Brain mapping is really complex but we're gradually making headway. A while back, I heard a TED talk about optimism and the thing is that they were able to make people more optimistic or pessimistic by interfering with very specific areas of the brain (More info). In order to do this, your dystopian government would need to map out every part of your brain that had corresponding emotions (which, as a someone who approaches psychology from a biological psychologist, should be possible) and then custom tailor bacteria strains to cut away a target's emotions, targeting these specific centers and unleash them on small children who are just beginning to emotionally develop.\

Why this approach specifically when another solution is to just mildly drug everyone with depressants?

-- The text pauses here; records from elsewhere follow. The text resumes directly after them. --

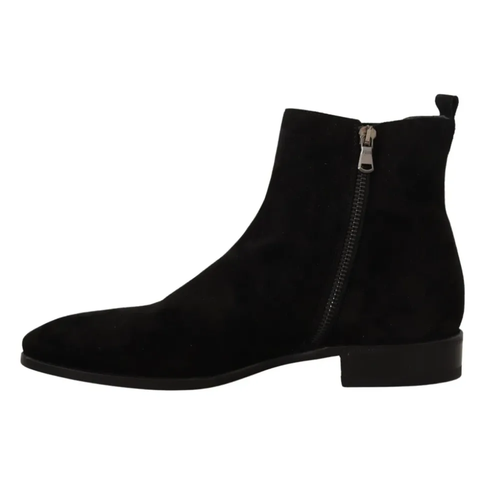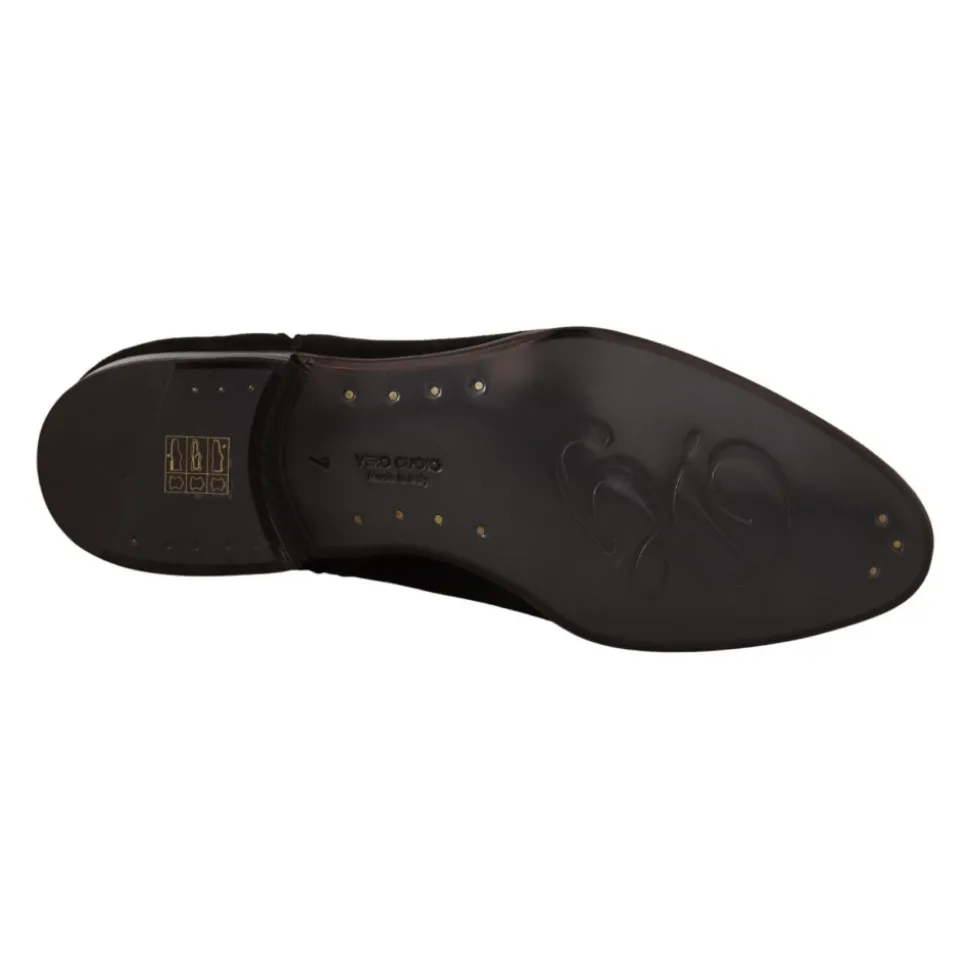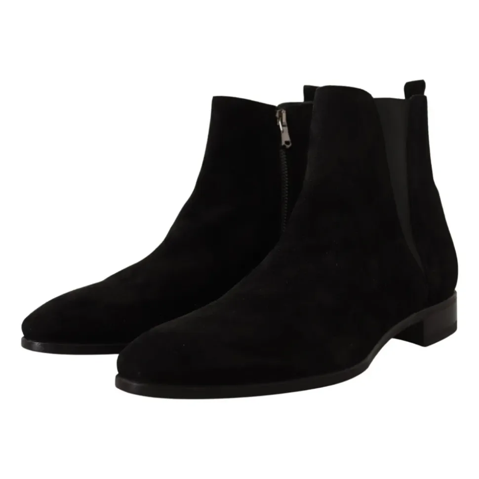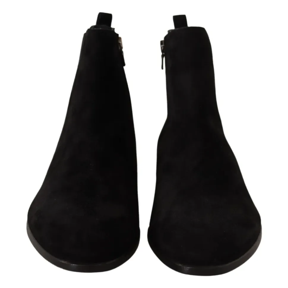 Opgrader din stil med disse Dolce Gabbana Sorte Ruskind Læder Chelsea Herre Støvler. Fremstillet med 100% autentisk ruskindslæder, har disse støvler en lynlåslukning i siden for nem ind- og udgang. Strækbåndene på siderne tilføjer en praktisk detalje, mens logo-detaljerne viser mærkets signaturstil. Fremstillet i Italien med enestående håndværk er disse støvler inkarnationen af eksklusivitet. Hæv din formelle stil med disse sorte Chelsea-støvler.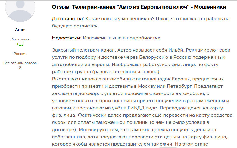 Пользователи в отзывах пишут, что Телеграмм канал Auto Trust ведут мошенники. Легенда про машины из Европы в Auto Trust – фейк. Первую половину стоимости автомобиля клиенты обязательно должны перевести вперед. Далее якобы возникают требования других переводов. Их тоже нужно отправлять на карты физических лиц. В комментариях пользователи жалуются на отсутствие фото-доказательств нахождения авто на таможне, невозможность подтвердить поставку и использование фальшивых счетов-фактур.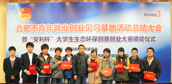 会上,合肥团市委副调研员贾贤勇宣布了“安利杯”大学生生态环保创业大赛的获奖名单,合肥工业大学王晨晨 “针对生态合肥建设中的成功案例进行的系统科学调研”,bat365在线中国官网登录入口何业祥“校园再生资源回收”等荣获二等奖,安徽外国语学院孙蕴“环保主题网站”、万博科技职业学院徐振伟“太阳能热水器使用情况调查”、bat365在线中国官网登录入口的张亮“太阳能被子”、王敏“环保友善型现代农场创业计划”、赵宝森等同学的“校园环保能源沼气池”获得了三等奖。到会领导为获奖同学颁发证书、奖金并合影留念。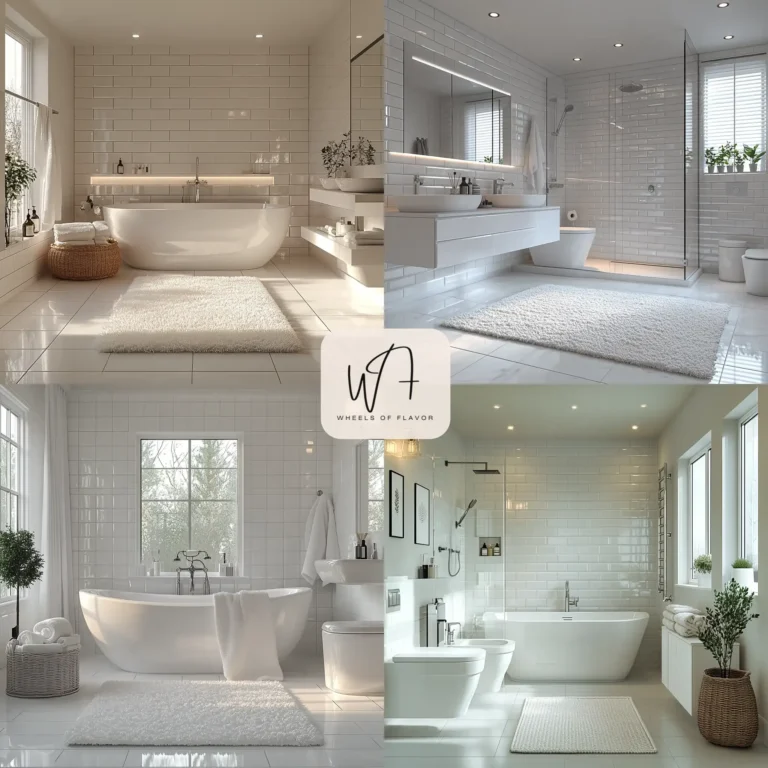 A white monochromatic bathroom exudes cleanliness and serenity. Use glossy white subway tiles for the walls, matte white fixtures, and a textured white rug to add dimension. Incorporate chrome or silver accents for a touch of sparkle. This timeless look is perfect for a spa-like retreat.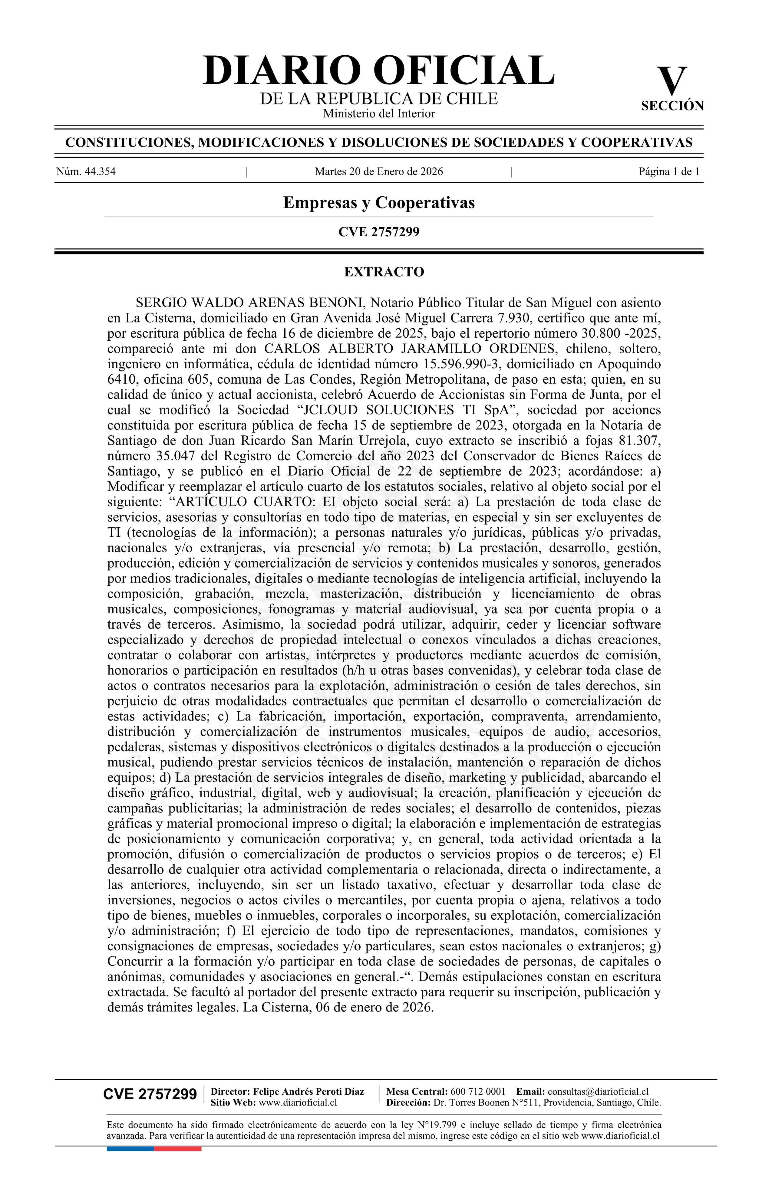 JCLOUD SOLUCIONES TI SpA 76.699.603-5* 20-01-2026 Diario Oficial Edición Electrónica |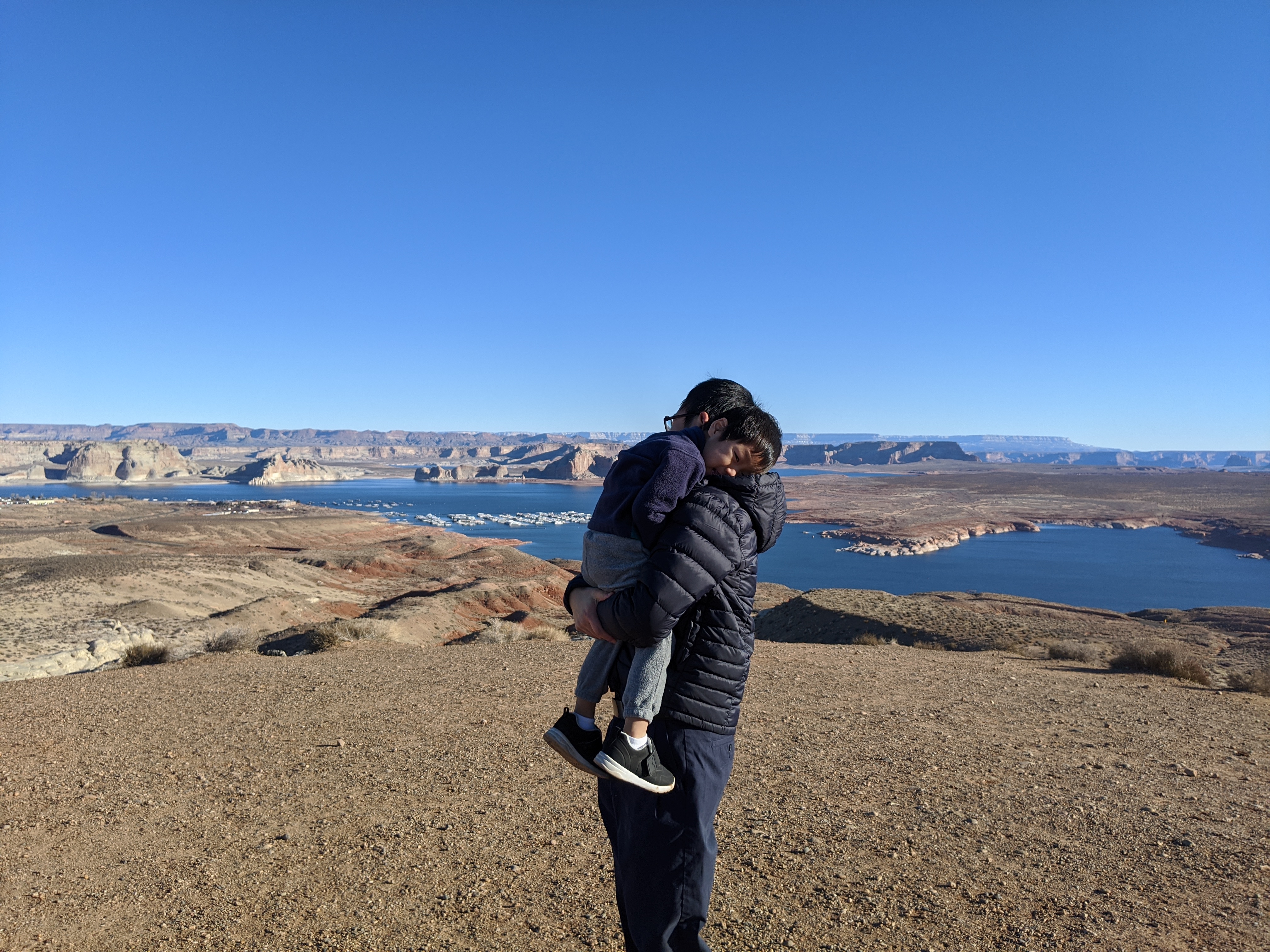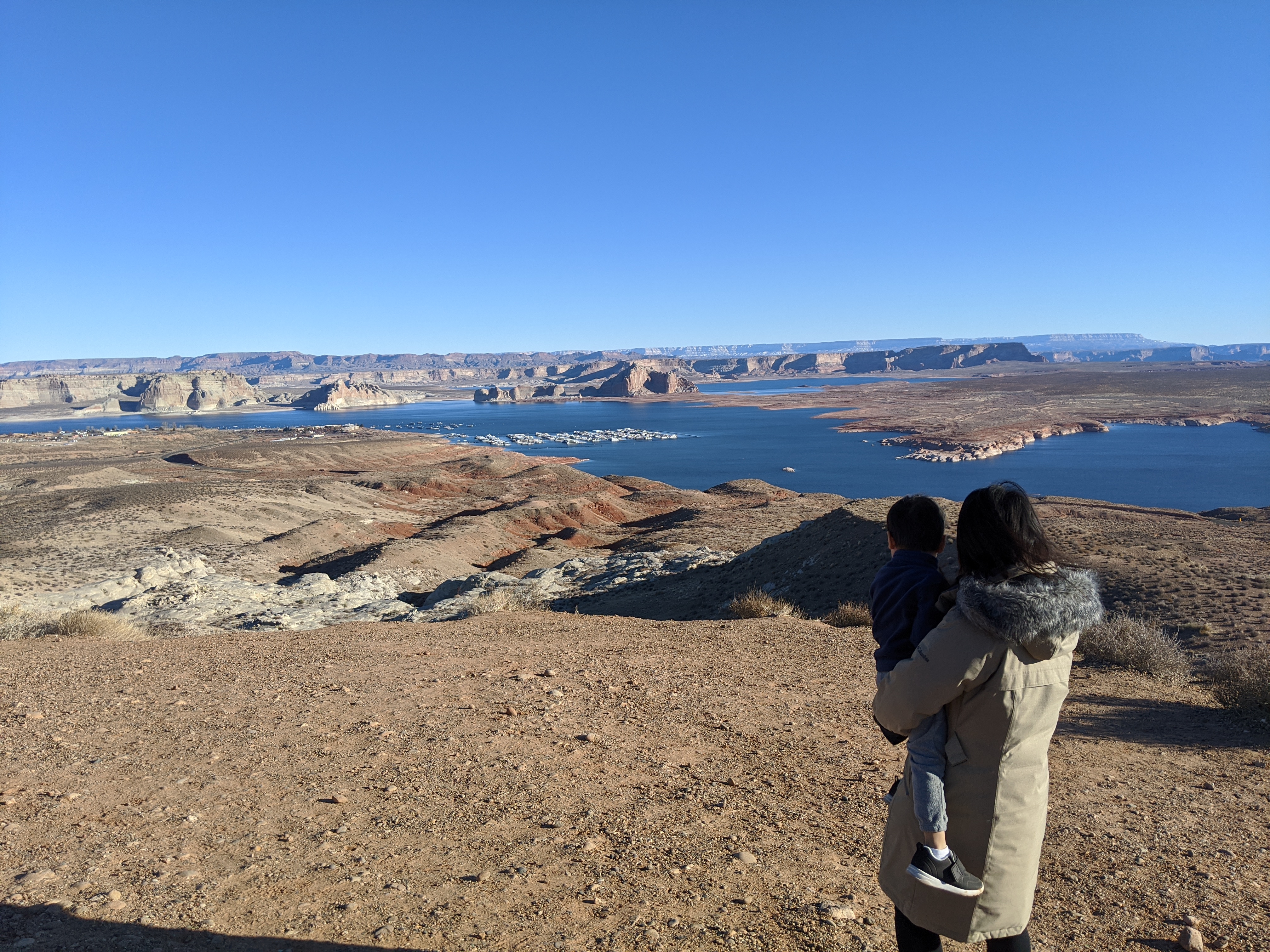 두번째날 앤탈로프 캐년과 홀슈밴드를 구경했고, 셋째날 모뉴멘트 밸리로 이동했다. 하지만 아이가 차 안에서 견디기 힘들 것 같아 기운을 빼게 해주려고 페이지에서 나가는 길에 글랜 캐년 댐과 파웰 호수에 들렸다.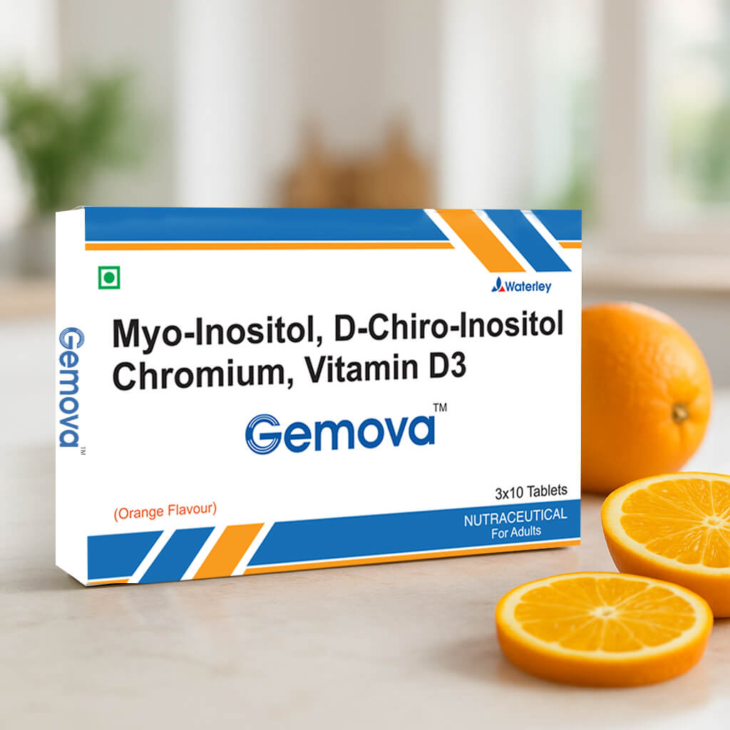 Gemova chewable tablets combine the ideal synergy of Myo-Inositol, D-Chiro-Inositol, Chromium Picolinate, and Vitamin D3 to offer a comprehensive approach to managing Polycystic Ovary Syndrome (PCOS), metabolic issues, and fertility concerns. This advanced formulation supports ovulation, improves insulin sensitivity, regulates blood sugar levels, and enhances hormonal balance, contributing to better fertility outcomes. With natural ingredients ensuring superior tolerability and minimal side effects, Gemova also promotes bone health and immunity, providing holistic support for women dealing with PCOS and related metabolic challenges.

Well, this gives your protagonist the ability to resist it because he has rare immunity to this gene-altering bacteria they use.

Shutting down pain is even easier, as you just have these bacteria target the genes which create pain receptors, but it's incredibly stupid. Pain's a pretty useful tool when it comes to human self-preservation, and even a dystopia doesn't want to kill it's citizens without a reason to do so.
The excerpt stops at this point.